Steps Colleges are Taking to Protect Families

  1. Limiting tuition increases.

  2. Discounting tuition for alumni who have lost their jobs (e.g., Lawrence Technological University and St. John's University).

  3. Increasing institutional student aid funding.

  4. Establishing or increasing emergency grant and loan funds for students. (This is especially true at colleges that experienced delayed disbursements of education loans.)

  5. Replacing loans with grants in the financial aid packages.

  6. Decreasing the self-help level.

  7. Offering tuition installment plans to help families stretch their budgets, especially families that are ineligible for the PLUS or private student loans.

  8. Encouraging all students to submit the FAFSA, even if they don't think they will qualify. Hold workshops on completing the FAFSA. Increase outreach to feeder high schools to teach the students how to complete the FAFSA.

  9. Joining the Direct Loan program to provide a safety net. (There is no requirement that a school certified for Direct Loans actually originate any loans through the Direct Loan program.)

  10. Increasing institutional loan programs. While this may have a negative impact on cash flow (i.e., replacing up-front funding with 1% of the outstanding principal per month after the borrower enters repayment), the college may be able to sell the loans a few years after the borrower has graduated, when their credit scores have improved. This will yield a shorter repayment pipeline for the school.

    Alternately, establishing a well-funded independent organization to guarantee private student loans to the college's students against default.

  11. Peer-to-peer lending by alumni to current students.

  12. Increased counseling of students on smart borrowing and searching for scholarships. Encourage families to borrow federal first and explain that the unsubisidized Stafford loan and the PLUS loan are available without regard to financial need. Even wealthy families can get these loans, so you don't have to be "poor" to qualify.
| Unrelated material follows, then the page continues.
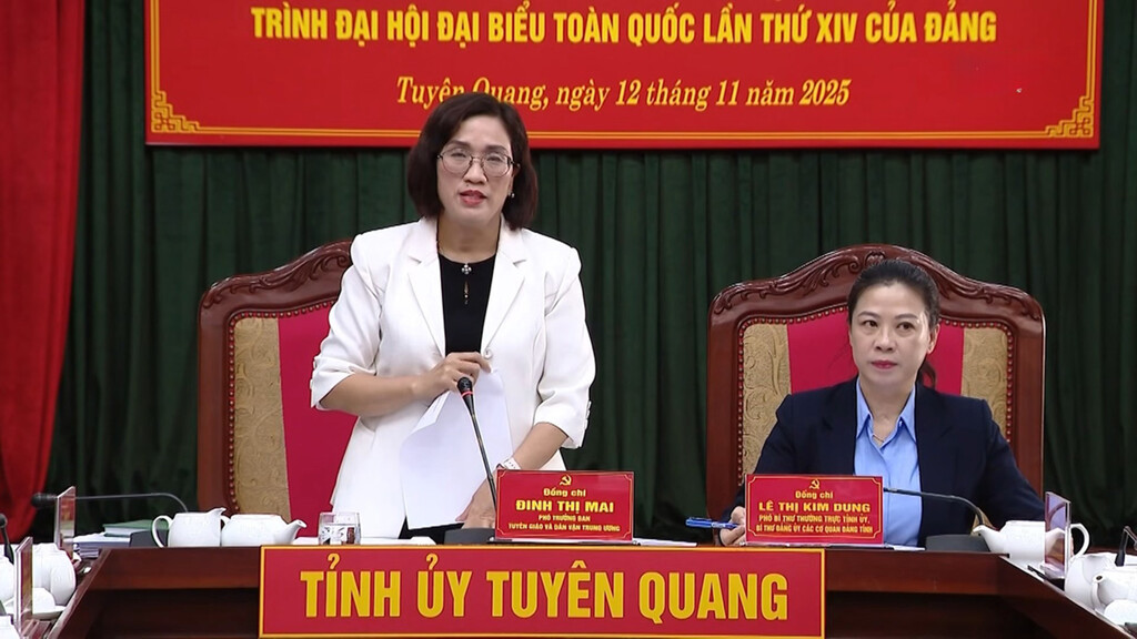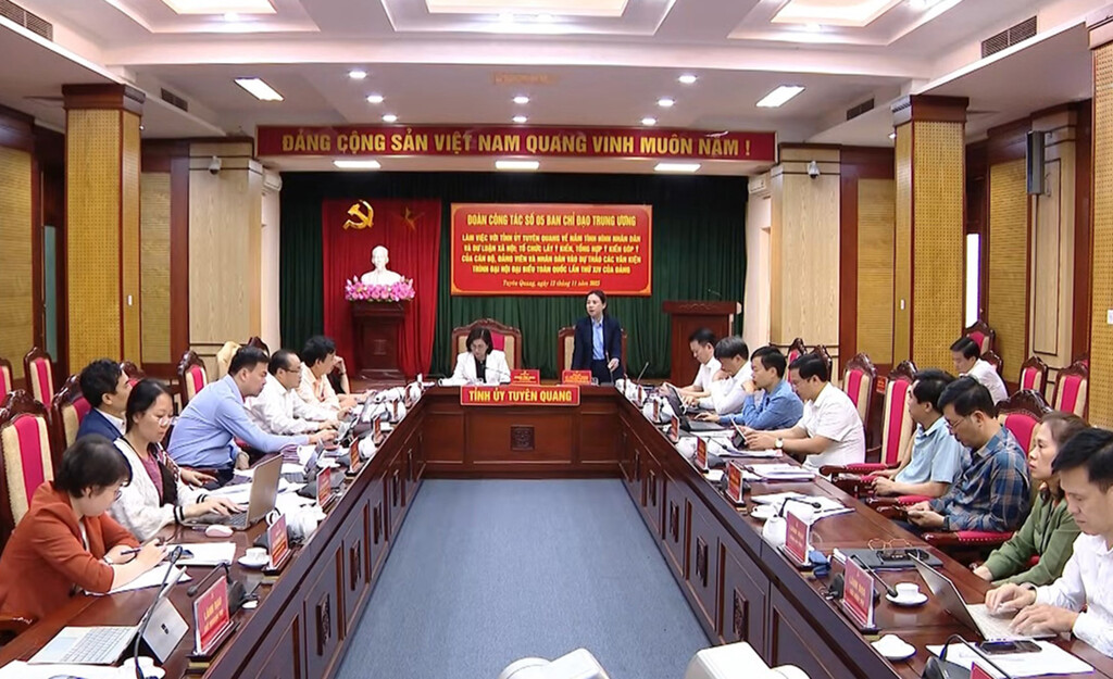 Tiếp tục chương trình công tác tại Tuyên Quang, chiều 12/11, Đoàn công tác Ban Chỉ đạo Trung ương về nắm tình hình Nhân dân và dư luận xã hội; tổ chức lấy ý kiến, tổng hợp ý kiến góp ý của cán bộ, đảng viên và Nhân dân vào Dự thảo các văn kiện trình Đại hội đại biểu toàn quốc XIV của Đảng do đồng chí Đinh Thị Mai, Phó Trưởng ban Tuyên giáo và Dân vận Trung ương làm Trưởng đoàn, làm việc với Tỉnh ủy Tuyên Quang.
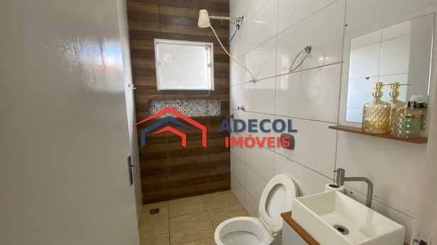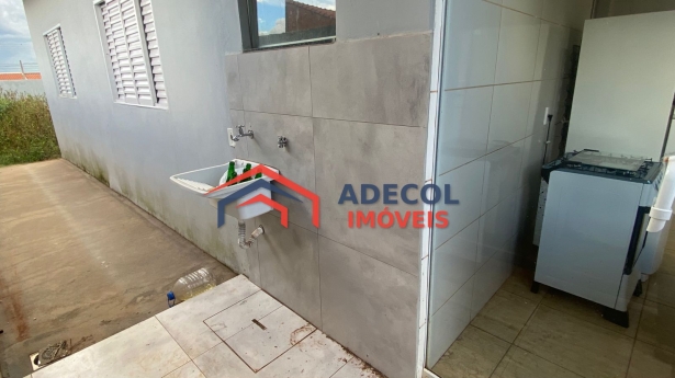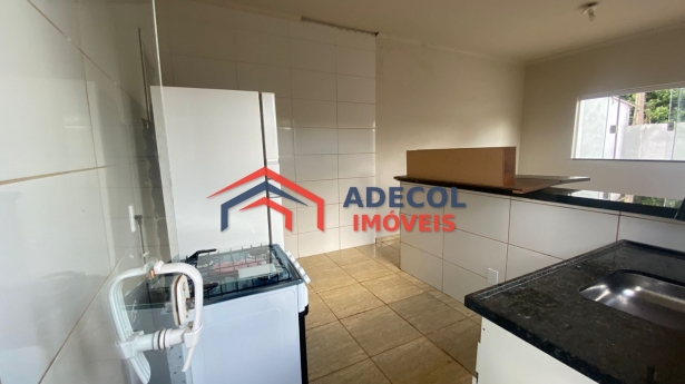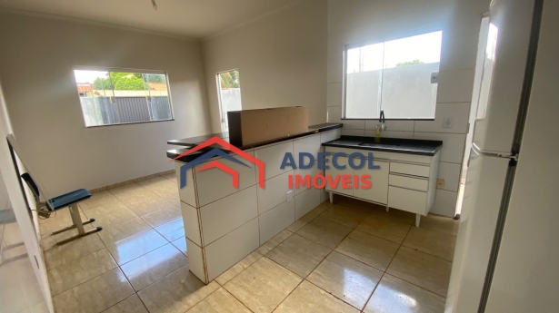 Descrição: Imóvel com dois quartos, sala, cozinha com balcão e armário, banheiro, lavanderia, garagem cimentada para até dois carros e quintal nos fundos. A casa possui cozinha e banheiro em azulejo e laje em todas as dependências.

  13. Lobbying Congress to increase the maximum Pell Grant and to expand the unsubsidized Stafford loan limits even further.

NAICU Survey

The National Association of Independent Colleges and Universities released a related survey on December 18, 2008 about the economic concerns of private college and university leaders. The survey found that the endowments, fundraising, demand for student aid, institutional debt liquidity and cost, education loan availability and student enrollment had been affected or significantly affected at most private colleges and universities. The organization also surveyed the college presidents on about a dozen areas targeted for cost savings, similar to those mentioned on this set of practical tips. The survey respondents demonstrated almost complete agreement that the federal government could help by increasing the Pell Grant by $500, increasing federal loan limits, making PLUS loans easier to borrow, and increasing the student loan grace period from 6 to 12 months.